**What the exercise asks:**
Wherever a line of the data contains "There", copy that line.

*** Source information ***

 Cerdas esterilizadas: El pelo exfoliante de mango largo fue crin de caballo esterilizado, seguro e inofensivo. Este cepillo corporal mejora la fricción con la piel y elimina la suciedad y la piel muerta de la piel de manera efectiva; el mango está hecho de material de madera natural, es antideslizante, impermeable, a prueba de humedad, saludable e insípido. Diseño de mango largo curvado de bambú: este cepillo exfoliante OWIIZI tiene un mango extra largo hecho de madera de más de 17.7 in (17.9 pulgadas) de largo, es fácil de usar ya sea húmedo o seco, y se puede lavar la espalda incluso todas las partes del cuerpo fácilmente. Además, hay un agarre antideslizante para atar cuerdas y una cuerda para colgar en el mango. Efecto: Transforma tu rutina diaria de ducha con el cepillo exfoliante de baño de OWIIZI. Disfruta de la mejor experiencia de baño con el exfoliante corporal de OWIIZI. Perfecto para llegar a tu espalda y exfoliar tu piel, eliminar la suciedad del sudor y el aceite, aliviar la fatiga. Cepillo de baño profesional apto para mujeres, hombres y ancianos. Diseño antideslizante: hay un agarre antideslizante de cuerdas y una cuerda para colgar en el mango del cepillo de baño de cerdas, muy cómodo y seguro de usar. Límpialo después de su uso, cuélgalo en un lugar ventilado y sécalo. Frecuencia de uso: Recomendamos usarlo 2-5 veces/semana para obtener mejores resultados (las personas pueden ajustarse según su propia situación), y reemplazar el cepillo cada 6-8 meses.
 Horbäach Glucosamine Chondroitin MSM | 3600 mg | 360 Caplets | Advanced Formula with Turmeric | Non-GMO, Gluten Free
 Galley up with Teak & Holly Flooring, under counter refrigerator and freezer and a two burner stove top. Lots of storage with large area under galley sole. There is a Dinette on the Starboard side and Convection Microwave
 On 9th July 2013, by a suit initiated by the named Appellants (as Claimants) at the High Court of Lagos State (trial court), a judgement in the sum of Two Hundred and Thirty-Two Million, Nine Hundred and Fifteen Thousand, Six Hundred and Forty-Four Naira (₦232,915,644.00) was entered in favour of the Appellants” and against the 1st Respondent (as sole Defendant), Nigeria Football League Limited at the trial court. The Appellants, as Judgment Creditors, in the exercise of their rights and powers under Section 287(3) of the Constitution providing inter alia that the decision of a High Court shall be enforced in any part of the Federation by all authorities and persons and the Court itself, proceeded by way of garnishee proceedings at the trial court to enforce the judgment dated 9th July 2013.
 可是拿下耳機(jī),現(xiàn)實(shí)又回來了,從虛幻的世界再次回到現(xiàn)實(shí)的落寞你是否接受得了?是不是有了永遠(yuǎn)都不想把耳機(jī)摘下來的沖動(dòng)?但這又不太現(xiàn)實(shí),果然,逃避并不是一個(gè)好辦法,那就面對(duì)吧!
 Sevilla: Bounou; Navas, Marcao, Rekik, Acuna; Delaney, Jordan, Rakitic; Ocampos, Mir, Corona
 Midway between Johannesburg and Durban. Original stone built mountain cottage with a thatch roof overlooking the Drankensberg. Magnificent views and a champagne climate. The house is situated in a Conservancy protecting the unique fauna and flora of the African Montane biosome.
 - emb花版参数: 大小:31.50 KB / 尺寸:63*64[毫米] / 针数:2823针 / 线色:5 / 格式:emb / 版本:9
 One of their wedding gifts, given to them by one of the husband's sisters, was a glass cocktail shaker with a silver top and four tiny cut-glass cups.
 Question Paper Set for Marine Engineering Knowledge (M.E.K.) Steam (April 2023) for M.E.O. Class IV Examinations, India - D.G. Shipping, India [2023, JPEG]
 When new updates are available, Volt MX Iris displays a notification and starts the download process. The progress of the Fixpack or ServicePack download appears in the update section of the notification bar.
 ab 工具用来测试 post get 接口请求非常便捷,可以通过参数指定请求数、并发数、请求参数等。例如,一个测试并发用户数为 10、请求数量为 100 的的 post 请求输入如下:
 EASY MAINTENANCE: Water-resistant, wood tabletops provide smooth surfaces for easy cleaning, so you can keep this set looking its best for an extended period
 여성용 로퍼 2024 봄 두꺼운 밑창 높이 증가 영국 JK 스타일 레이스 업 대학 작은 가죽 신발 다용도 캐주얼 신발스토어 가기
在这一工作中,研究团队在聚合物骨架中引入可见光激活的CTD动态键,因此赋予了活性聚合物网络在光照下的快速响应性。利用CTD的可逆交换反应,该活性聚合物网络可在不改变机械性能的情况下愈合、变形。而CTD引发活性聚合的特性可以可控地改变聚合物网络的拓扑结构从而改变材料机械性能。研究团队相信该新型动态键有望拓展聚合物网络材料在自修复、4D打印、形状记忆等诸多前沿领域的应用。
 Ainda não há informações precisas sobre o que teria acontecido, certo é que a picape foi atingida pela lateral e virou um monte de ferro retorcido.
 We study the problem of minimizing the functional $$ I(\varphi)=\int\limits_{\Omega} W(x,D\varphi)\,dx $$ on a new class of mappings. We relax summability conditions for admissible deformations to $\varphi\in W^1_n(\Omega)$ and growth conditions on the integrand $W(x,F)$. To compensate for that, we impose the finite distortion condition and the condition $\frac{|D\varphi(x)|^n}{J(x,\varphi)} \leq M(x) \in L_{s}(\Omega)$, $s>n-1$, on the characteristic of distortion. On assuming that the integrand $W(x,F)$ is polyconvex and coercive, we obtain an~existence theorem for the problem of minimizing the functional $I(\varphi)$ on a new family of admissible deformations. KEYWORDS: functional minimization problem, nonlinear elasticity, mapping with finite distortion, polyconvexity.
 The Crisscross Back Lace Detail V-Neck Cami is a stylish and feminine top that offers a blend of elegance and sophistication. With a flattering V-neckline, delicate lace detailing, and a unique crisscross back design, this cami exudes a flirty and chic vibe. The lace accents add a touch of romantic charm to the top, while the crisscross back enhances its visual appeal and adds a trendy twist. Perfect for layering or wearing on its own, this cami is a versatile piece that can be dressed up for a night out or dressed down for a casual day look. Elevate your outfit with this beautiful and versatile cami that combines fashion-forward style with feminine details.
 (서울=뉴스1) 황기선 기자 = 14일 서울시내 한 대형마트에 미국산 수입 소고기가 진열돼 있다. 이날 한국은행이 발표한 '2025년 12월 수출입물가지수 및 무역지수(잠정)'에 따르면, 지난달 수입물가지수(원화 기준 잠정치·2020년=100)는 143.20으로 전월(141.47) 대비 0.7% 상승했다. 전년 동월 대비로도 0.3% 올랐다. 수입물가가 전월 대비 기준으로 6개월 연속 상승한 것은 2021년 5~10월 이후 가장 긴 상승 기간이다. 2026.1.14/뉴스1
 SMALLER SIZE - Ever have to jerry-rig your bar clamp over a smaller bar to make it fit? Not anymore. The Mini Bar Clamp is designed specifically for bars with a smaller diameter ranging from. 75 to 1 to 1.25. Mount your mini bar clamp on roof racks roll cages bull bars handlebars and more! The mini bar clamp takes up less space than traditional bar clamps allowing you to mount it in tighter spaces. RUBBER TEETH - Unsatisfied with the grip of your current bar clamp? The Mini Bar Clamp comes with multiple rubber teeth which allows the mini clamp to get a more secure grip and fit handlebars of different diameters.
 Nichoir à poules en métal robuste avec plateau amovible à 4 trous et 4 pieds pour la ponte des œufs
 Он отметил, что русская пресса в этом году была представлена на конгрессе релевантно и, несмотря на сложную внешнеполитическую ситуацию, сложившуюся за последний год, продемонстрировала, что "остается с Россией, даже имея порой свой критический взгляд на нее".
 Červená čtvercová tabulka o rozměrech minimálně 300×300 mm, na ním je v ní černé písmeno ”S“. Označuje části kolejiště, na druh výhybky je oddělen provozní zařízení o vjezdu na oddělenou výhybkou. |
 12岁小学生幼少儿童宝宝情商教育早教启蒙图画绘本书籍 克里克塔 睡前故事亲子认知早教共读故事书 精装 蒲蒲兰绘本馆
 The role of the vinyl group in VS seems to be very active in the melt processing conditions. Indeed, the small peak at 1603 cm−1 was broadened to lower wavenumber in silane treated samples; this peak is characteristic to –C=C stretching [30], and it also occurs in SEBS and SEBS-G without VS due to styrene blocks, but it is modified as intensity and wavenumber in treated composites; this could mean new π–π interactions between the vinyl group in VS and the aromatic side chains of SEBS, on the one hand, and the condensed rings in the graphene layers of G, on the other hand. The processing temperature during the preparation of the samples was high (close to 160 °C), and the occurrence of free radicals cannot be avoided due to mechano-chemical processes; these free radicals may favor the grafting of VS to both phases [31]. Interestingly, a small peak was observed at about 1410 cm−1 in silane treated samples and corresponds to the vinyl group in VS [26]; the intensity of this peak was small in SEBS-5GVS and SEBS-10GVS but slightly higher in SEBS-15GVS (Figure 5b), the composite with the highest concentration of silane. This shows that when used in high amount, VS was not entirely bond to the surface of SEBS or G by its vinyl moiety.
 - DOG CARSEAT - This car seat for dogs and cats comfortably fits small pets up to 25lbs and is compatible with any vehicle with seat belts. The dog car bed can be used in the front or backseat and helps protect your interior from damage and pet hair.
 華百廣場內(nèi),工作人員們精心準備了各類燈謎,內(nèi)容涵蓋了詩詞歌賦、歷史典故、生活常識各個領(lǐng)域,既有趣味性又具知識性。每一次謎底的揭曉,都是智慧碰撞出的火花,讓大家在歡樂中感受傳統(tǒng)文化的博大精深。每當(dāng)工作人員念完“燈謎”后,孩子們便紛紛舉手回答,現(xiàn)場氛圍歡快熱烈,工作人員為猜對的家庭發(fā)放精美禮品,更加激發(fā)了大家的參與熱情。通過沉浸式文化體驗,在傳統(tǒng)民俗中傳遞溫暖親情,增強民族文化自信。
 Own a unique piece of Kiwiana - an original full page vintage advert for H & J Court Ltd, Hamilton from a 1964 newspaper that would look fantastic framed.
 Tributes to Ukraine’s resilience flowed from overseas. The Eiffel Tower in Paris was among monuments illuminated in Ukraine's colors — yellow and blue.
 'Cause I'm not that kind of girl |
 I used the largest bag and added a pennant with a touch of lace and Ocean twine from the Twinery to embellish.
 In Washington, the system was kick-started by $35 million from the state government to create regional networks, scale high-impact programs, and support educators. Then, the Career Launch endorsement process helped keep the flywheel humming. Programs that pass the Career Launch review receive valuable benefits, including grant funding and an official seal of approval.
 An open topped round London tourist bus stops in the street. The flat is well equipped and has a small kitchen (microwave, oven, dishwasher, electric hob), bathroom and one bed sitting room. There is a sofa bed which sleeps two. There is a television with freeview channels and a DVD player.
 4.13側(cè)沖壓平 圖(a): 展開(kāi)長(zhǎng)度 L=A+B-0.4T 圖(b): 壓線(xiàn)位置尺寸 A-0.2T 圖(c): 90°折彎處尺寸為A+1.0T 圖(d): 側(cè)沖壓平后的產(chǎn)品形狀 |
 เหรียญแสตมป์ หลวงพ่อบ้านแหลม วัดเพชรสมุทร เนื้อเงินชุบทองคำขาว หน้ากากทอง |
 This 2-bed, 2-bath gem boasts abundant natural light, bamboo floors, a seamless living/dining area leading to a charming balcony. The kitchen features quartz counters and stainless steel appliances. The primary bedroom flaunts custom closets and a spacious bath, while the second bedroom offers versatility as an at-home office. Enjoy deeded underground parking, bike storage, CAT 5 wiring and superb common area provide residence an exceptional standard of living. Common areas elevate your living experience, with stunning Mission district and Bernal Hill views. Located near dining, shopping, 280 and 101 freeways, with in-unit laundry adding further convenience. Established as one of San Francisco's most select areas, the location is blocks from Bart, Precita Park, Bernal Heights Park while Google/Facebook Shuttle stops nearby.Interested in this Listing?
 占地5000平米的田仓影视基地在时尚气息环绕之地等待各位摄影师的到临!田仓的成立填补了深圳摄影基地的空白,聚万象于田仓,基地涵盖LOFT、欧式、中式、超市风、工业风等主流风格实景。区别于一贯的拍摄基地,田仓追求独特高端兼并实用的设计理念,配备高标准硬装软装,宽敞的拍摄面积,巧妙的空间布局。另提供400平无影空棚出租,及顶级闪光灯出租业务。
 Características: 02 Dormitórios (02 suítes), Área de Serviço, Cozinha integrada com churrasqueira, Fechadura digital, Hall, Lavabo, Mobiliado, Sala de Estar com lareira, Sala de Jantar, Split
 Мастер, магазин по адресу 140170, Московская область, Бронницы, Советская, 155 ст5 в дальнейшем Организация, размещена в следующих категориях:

*** End of Source information ***

**Your solution:**
 Galley up with Teak & Holly Flooring, under counter refrigerator and freezer and a two burner stove top. Lots of storage with large area under galley sole. There is a Dinette on the Starboard side and Convection Microwave
 An open topped round London tourist bus stops in the street. The flat is well equipped and has a small kitchen (microwave, oven, dishwasher, electric hob), bathroom and one bed sitting room. There is a sofa bed which sleeps two. There is a television with freeview channels and a DVD player.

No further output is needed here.